Saturday, February 12, 2011

91 days 22 hours 56 minutes 13 seconds

Today was the first tempo run.

Instructions:
Today you are going to begin with a 15 minute jog. Repeat the following 4 times: run 5 minutes at tempo pace followed by 1 minute of easy running. Finish the workout with 10 minutes of light jogging.
Coach's Notes:
Tempo runs are to be done at a pace where you could carry on a conversation but you would prefer not to. However, you are not to reach an anaerobic pace. On all tempo runs: warm up for at least 10 minutes, sustain your pace for the designated time and cool down for at least 10 minutes (i.e. 45 min. (T) = 10 minutes of warm up, 25 minutes of sustained effort, and 10 minutes of cool down). Recommended heart rate is 85% of your maximum.

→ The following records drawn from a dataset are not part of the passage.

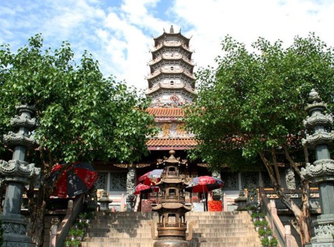 據(jù)清光緒《嘉應(yīng)州志》載,由南漢王劉鋹始建于大寶八年(公元965年),距今已有一千多年歷史。鐵塔分為七層,身高4.2米,呈四方形,塔底邊長(zhǎng)1.6米,為生鐵鑄成,每面鑄有大小佛像250個(gè),四面合計(jì)為一千佛,故名千佛塔。原塔建于修慧寺,因寺毀,清乾隆初年嘉應(yīng)州官王者輔將鐵塔移于梅城東巖山頂,上面蓋亭宇,周圍筑欄桿,并砌石階,以供游覽者登臨觀賞。梅州千佛塔與廣州光孝寺的東西鐵塔是同一歷史年代的遺物。梅州千佛塔按每一面計(jì)算,第二層有77尊佛、第三層67尊佛、第四層57尊佛、第五層37尊佛、第六層12尊佛,合為250尊佛,版權(quán)所有山東聊城聊之旅國(guó)際旅行社有限公司,轉(zhuǎn)載必究!四面共計(jì)滿千佛。第四層的佛像中,四面各有一尊大佛坐在蓮花池座上,它們是東方善德佛、南方施壇德佛、西方無量壽佛、北方相德佛。第七層是合尖頂,塔旁建有黃遵憲的《南漢修慧寺千佛塔歌》、丘逢甲的《南漢敬州修慧寺千佛塔歌》等碑刻,是廣東省重點(diǎn)文物保護(hù)單位。
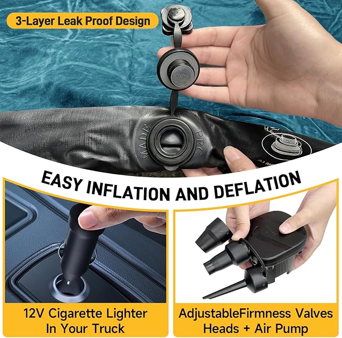 - High-Quality Materials: Our inflatable truck bed air mattress features a plush soft-flocked top surface, durable PVC construction for robust support, and upgraded 2024 extra-thick 210T grid fabric on the bottom to prevent punctures and air leakage, enhancing durability and reliability.
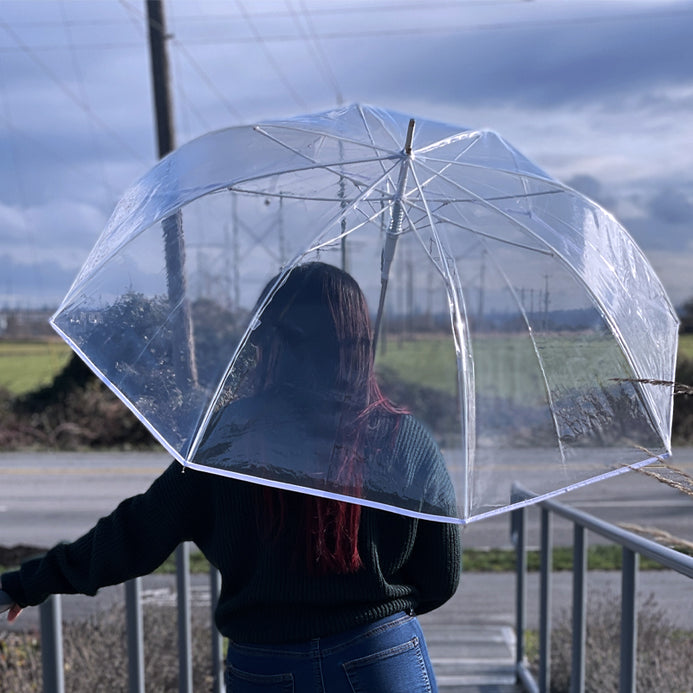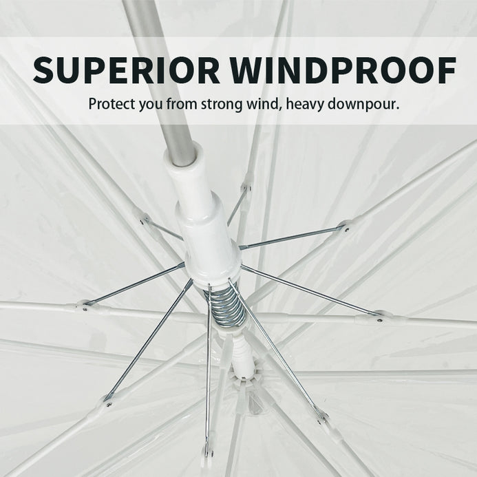 A functional and stylish transparent umbrella for rainy days with a smooth silver handle and automatic open feature is the perfect accessory for those who want to stay dry and stylish on rainy days. With its clear canopy, it blends well with any outfit, and the silver handle adds a touch of classic elegance. The windproof design and automatic open feature make it practical and convenient to use, providing protection from the elements and making it easier to open and close in a hurry.

I ended up back at the YMCA on the treadmill for the workout. I have been wearing my Garmin 305 and heart rate monitor when running to see about what zone i am in when running. Warmup was fine, by ten minutes my heart rate was about 145. Thats about the normal on the easy runs. Then in the first 5 minute tempo @ 8:34 it went up to about 170-175. During recovery it dropped back down fairly quick to the 140's. I did a 2 minute recovery in between instead of one minute. The second tempo was the same on heart rate but seemed easier. The third and four were horrid! I almost felt like it was going to past out. The 10 minute cool down was more like a 5 minute walk then back up to 10:30 for the last 5 minutes. I did walk another 5 for cool down. I hope it gets easier as time goes by, I am sure it will. 
I have been stretching a lot after my runs about 5-10 minutes. I have been getting so tight lately and haven't really done a lot of stretching in the past, so I wanted to get a jump on it.

"IRONMAN YMCA"
Walking out of the cardio room I notice a pin up that said IronMan. Its a challenge of different levels to complete Ironman distances within a certain time or even smaller levels if you want. I think Gold level if you do the full distance within two weeks. Silver within 4 weeks and Bronze if done in 6 weeks. For the Elite the 26.2 has to be all running or jogging to count. It can be on the treadmill or outside. The bike 112 has to be in a upright normal position bike, not a sit down, lean back one. It can be a exercise, spin, trainer or even outside. The 2.4 swim has to be done in on lap days. None of the distances have to been done at one time. There is a log that you record all your workouts and once you hit your goal you finished that category. So of course I signed up for it. You get a cool shirt when you finish, so why not!